WHAT IS NEEDED » Would you please repeat exactly the entries below, starting at the line with "Een unieke oorbel" and ending at the line with "吸い込まれそうな深いネイビーの色味が非常に美しいパーティードレスです。", and nothing outside that range? Leave out the pictures.

STUDY MATERIAL »
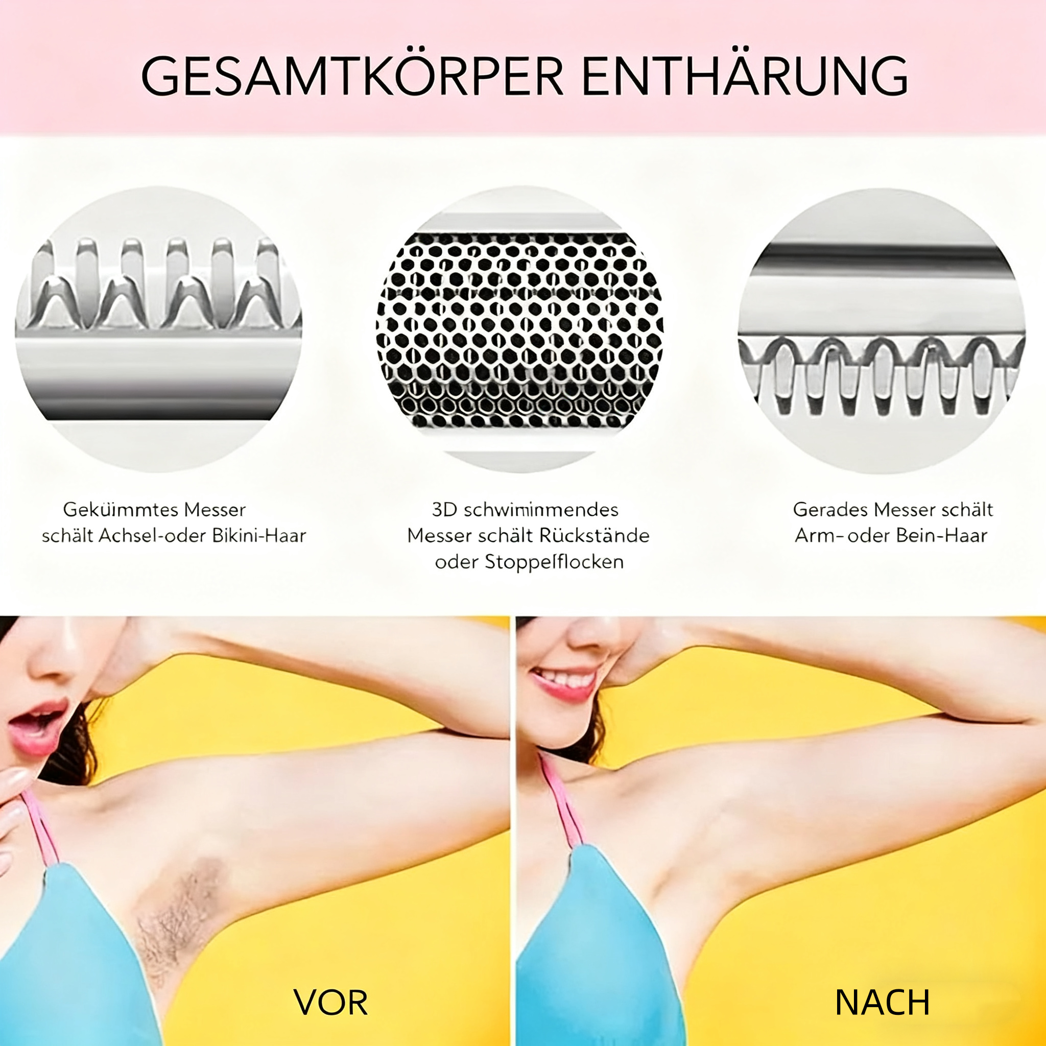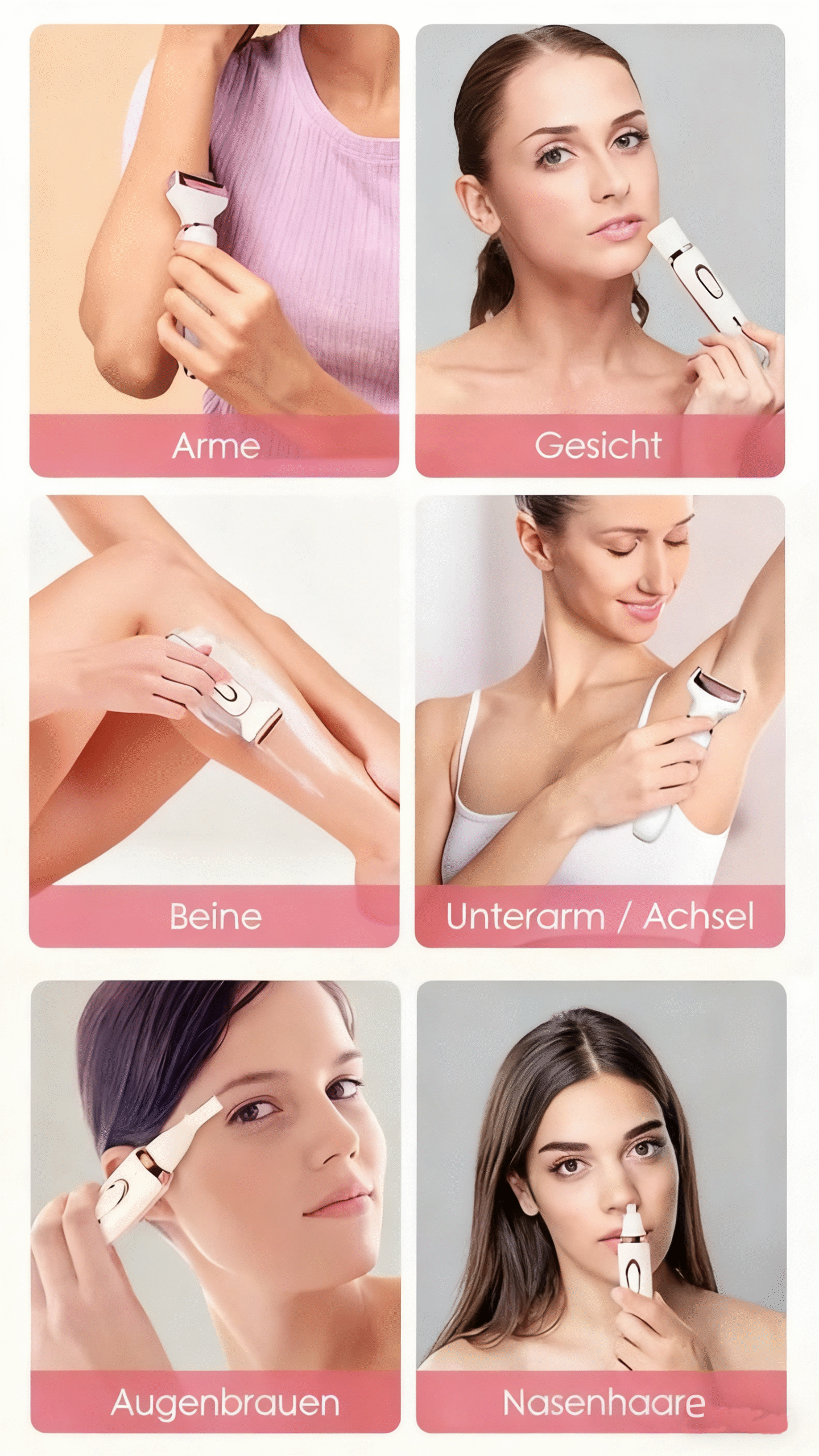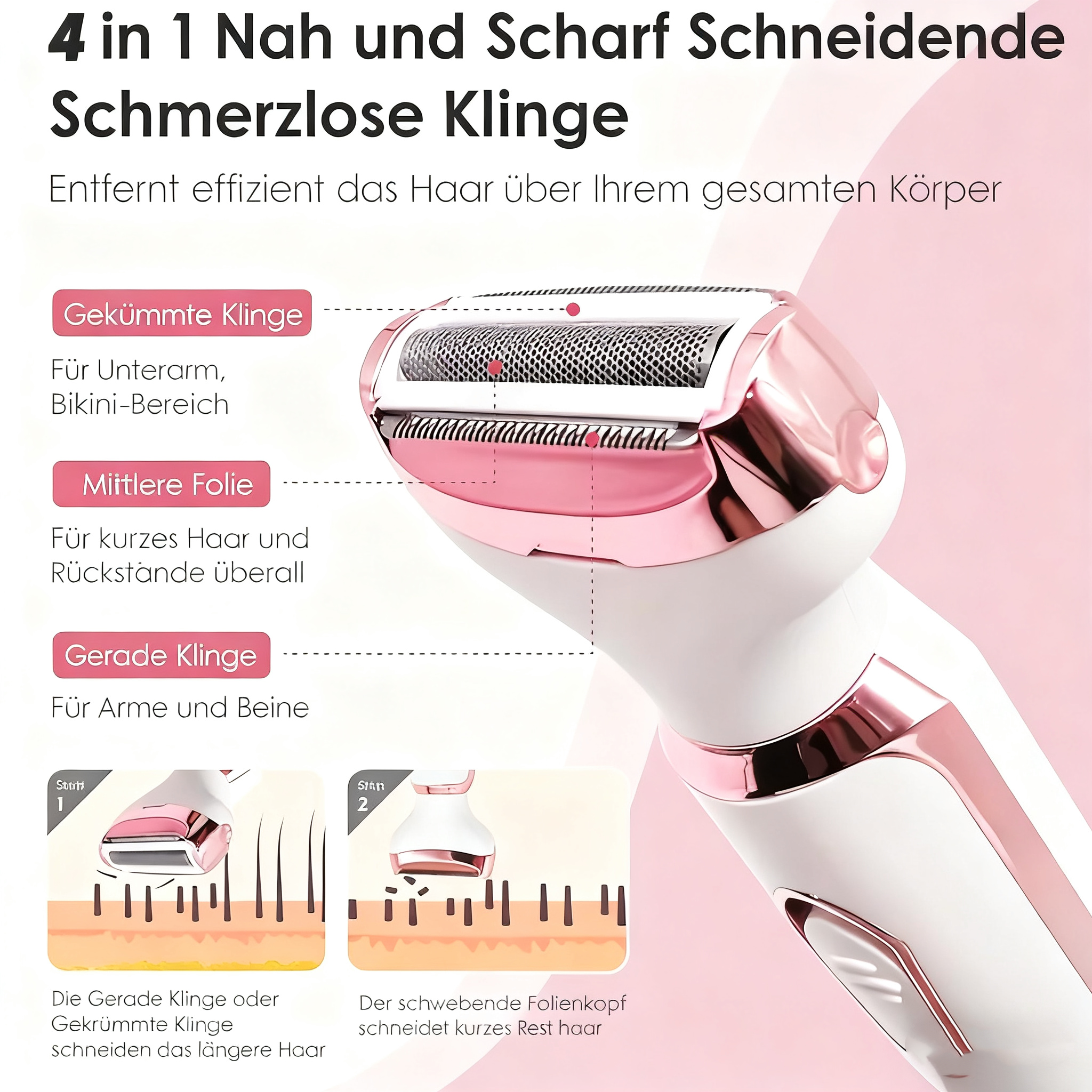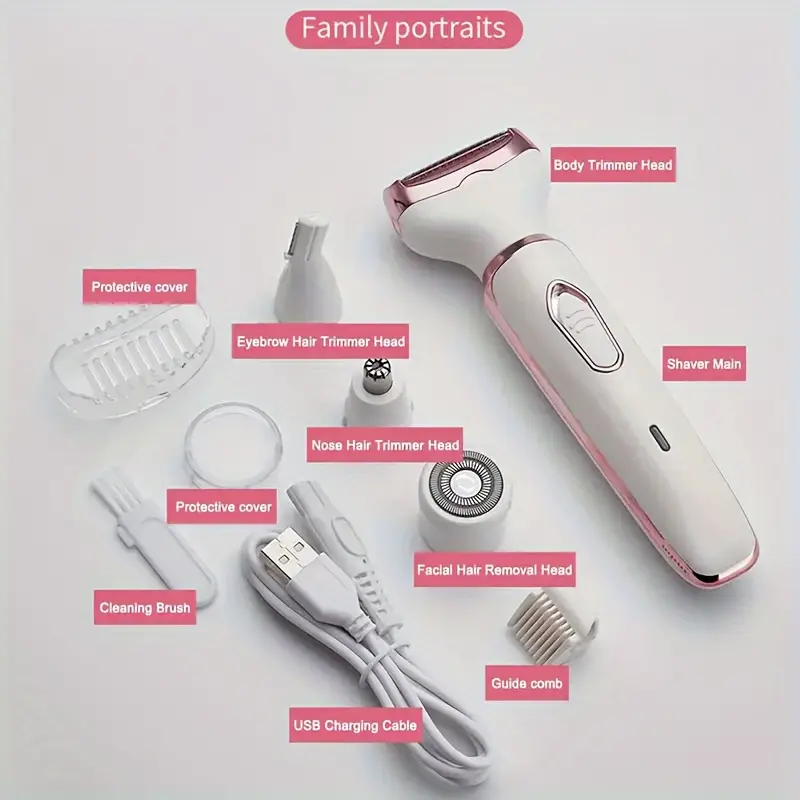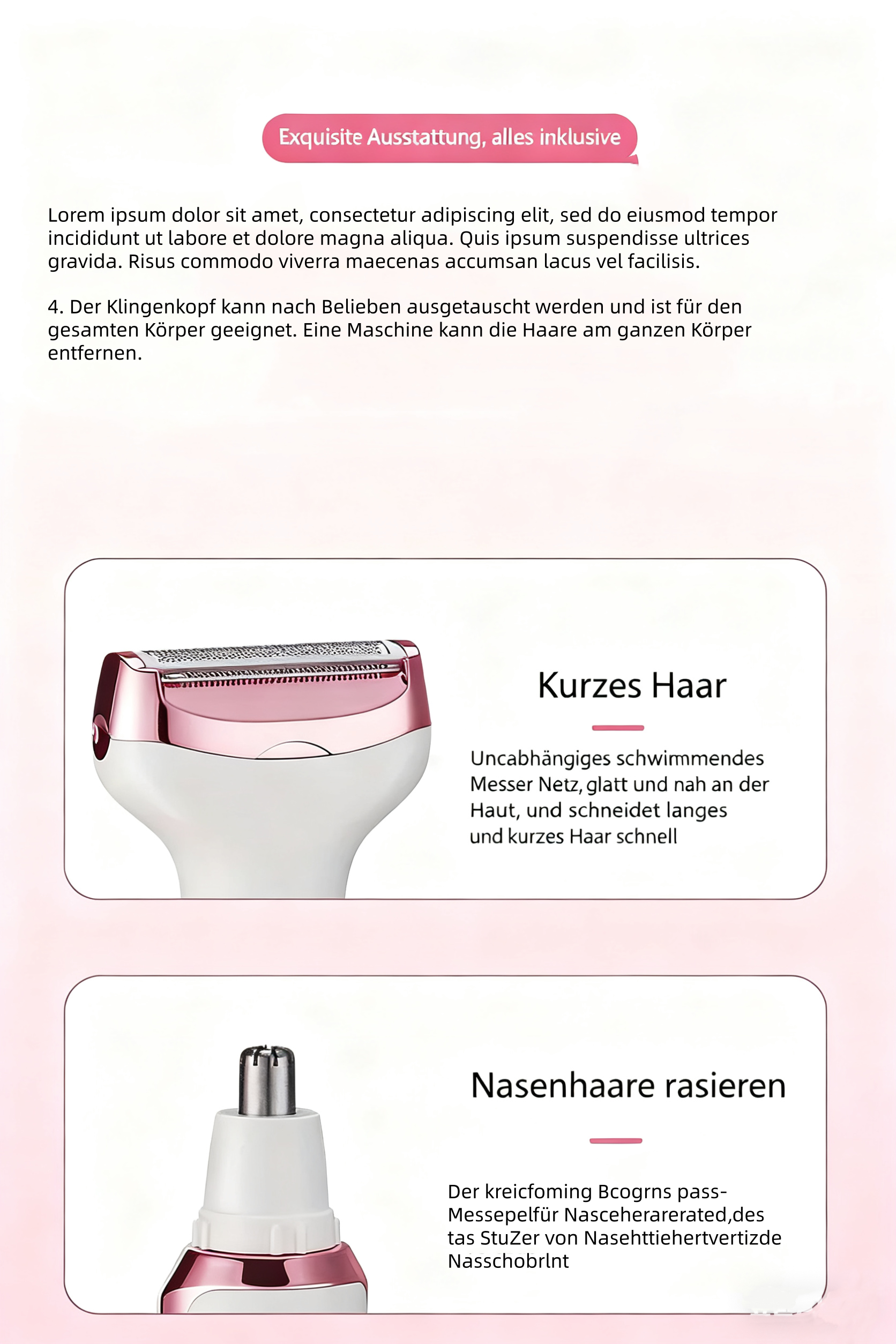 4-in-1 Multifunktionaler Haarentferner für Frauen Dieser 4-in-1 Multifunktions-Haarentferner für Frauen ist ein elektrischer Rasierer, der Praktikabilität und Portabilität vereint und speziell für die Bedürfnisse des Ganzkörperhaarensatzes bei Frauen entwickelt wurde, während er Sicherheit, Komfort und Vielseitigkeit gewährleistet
* * *
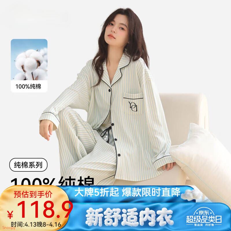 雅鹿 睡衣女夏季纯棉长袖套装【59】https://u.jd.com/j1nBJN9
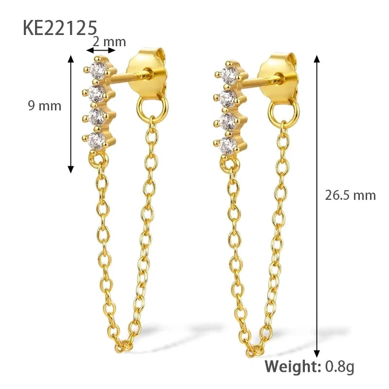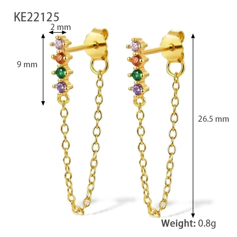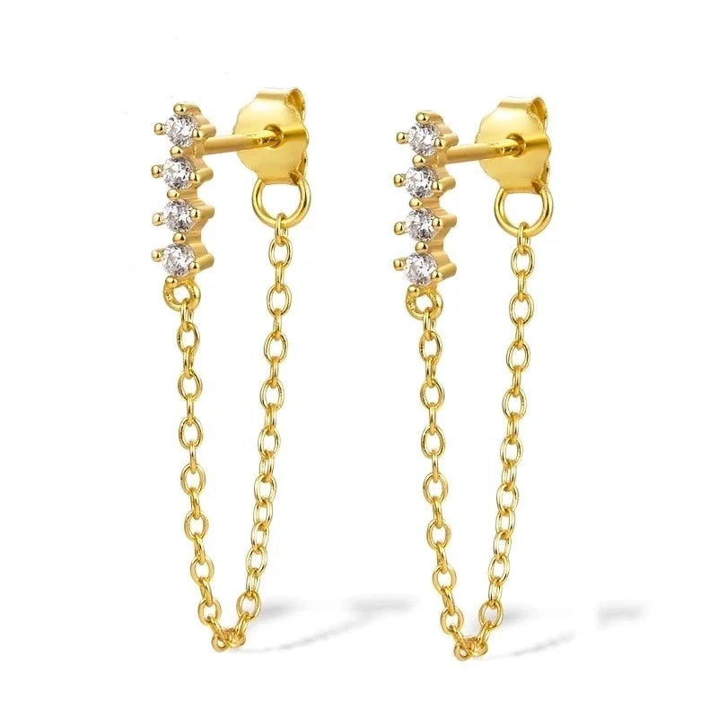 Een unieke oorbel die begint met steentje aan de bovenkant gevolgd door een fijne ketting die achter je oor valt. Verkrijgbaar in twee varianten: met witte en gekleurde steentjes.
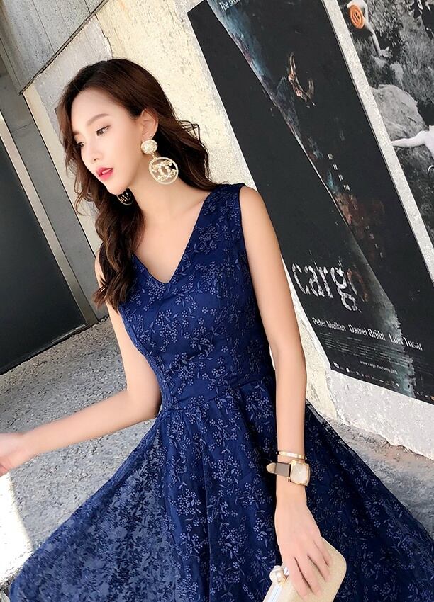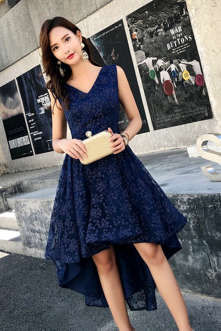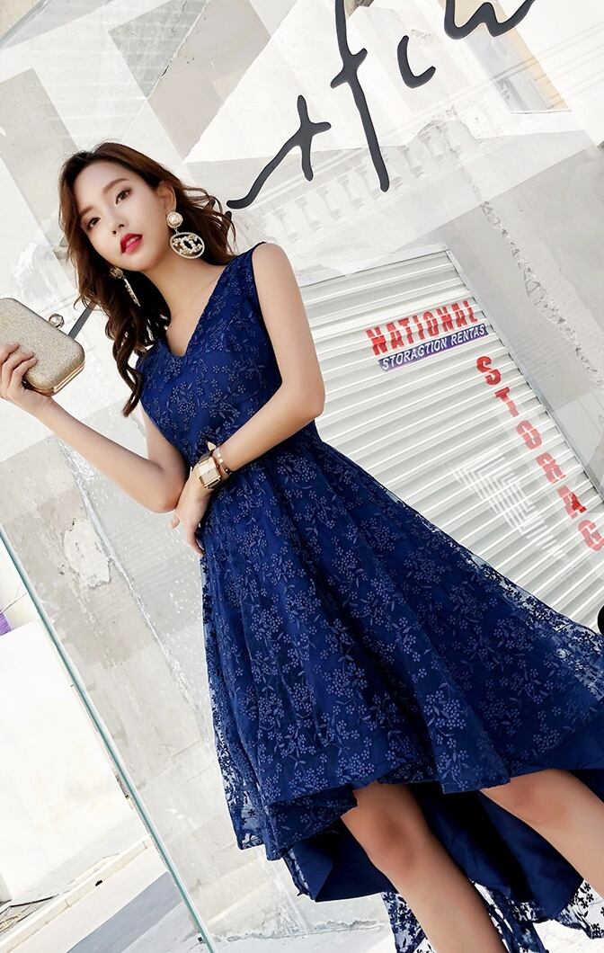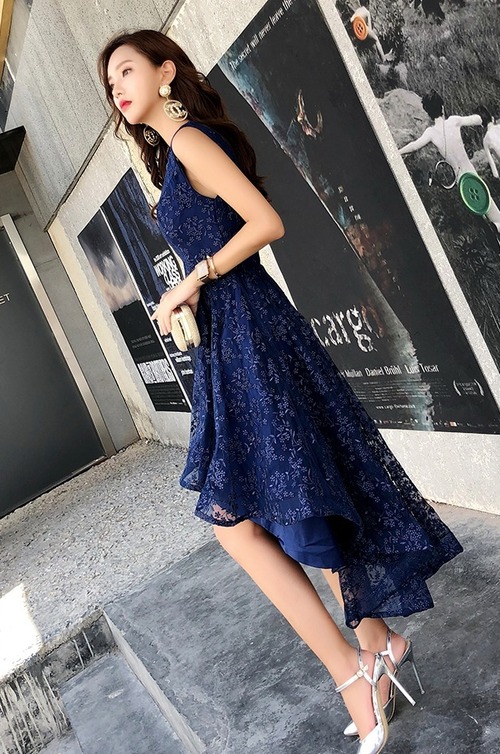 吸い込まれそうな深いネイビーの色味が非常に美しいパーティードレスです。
* * *
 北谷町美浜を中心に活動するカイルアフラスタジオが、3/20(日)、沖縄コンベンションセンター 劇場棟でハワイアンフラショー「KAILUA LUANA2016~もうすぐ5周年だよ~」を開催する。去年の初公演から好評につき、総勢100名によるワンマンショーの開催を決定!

EXERCISE ANSWER »
 Een unieke oorbel die begint met steentje aan de bovenkant gevolgd door een fijne ketting die achter je oor valt. Verkrijgbaar in twee varianten: met witte en gekleurde steentjes.
 吸い込まれそうな深いネイビーの色味が非常に美しいパーティードレスです。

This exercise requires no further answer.